Recorrimos un pasillo poblado de pacientes en batín y con muletas, o en silla de ruedas, y de visitantes solícitos que les animaban diciéndoles «que ya faltaba menos», como si los enfermos estuvieran haciendo la mili.

—¿He metido la pata, al interesarme por Colmenero? —preguntó Beth mientras nos adentrábamos en el departamento de hospitalización, el más importante del establecimiento. Y, sin darme tiempo a abrir la boca, ella misma se contestó—. Sí que la he metido. Soy burra. Vaya, perdona.

—Que no —protesté—. Lo has hecho muy bien. Saber improvisar sobre la marcha es una de las cualidades de un buen detective. Lo has justificado muy bien.

—¿De verdad? ¿No me lo dices para que no me deprima?
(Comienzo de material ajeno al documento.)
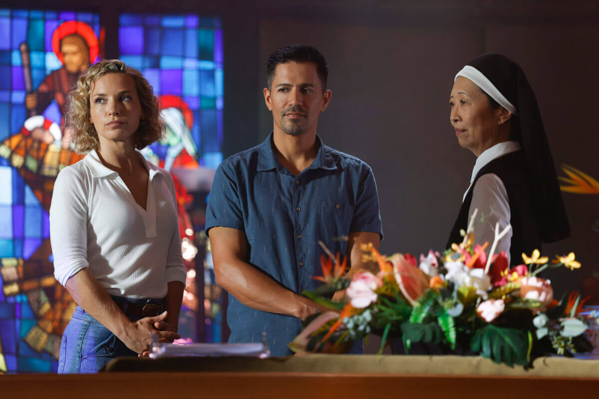 Magnum and Higgins help out a nun on CBS’s Magnum P.I. season four episode 11, “If I Should Die Before I Wake.” Directed by Lin Oeding from a script by Gene Hong and Andrew Jackson, season four episode 11 will air on Friday, January 14, 2022 at 9pm ET/PT.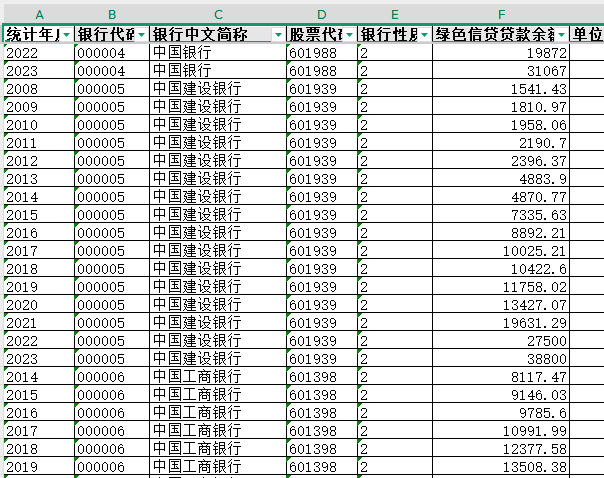 2008-2023年国内20余家银行绿色信贷贷款金额数据

—Has estado brillante. Ahora ya sabemos que murió por un error médico. Era alérgico a un medicamento y alguien se equivocó.

—¿Tú qué opinas?

—Que me gustaría saber quién se equivocó y por qué. Y qué tiene que ver esto con la muerte de Ramón Casagrande, y con Adrián Gomal. Muchas preguntas. Y me gustaría que las hicieras tú, Beth.

—¿Yo?

—Sí. Me gustará ver cómo trabajas.

—Pero yo…

Escena 3

La sala de control, en lugar de puerta, tenía un mostrador en donde las enfermeras atendían al público. Se las podía ver trabajando en aquel reducido espacio, preparando jeringas o haciendo constar las temperaturas de los pacientes en los informes médicos, o entrando y saliendo por unas puertas batientes que llevaban a otras dependencias.

Antes de llegar a la altura del mostrador, ya escuchamos la voz exasperada de un hombre muy disgustado.

—¡No era esto lo que quería decir! ¿Pero qué es esta chapuza? ¿Te crees que estamos en Ruanda-Burundi?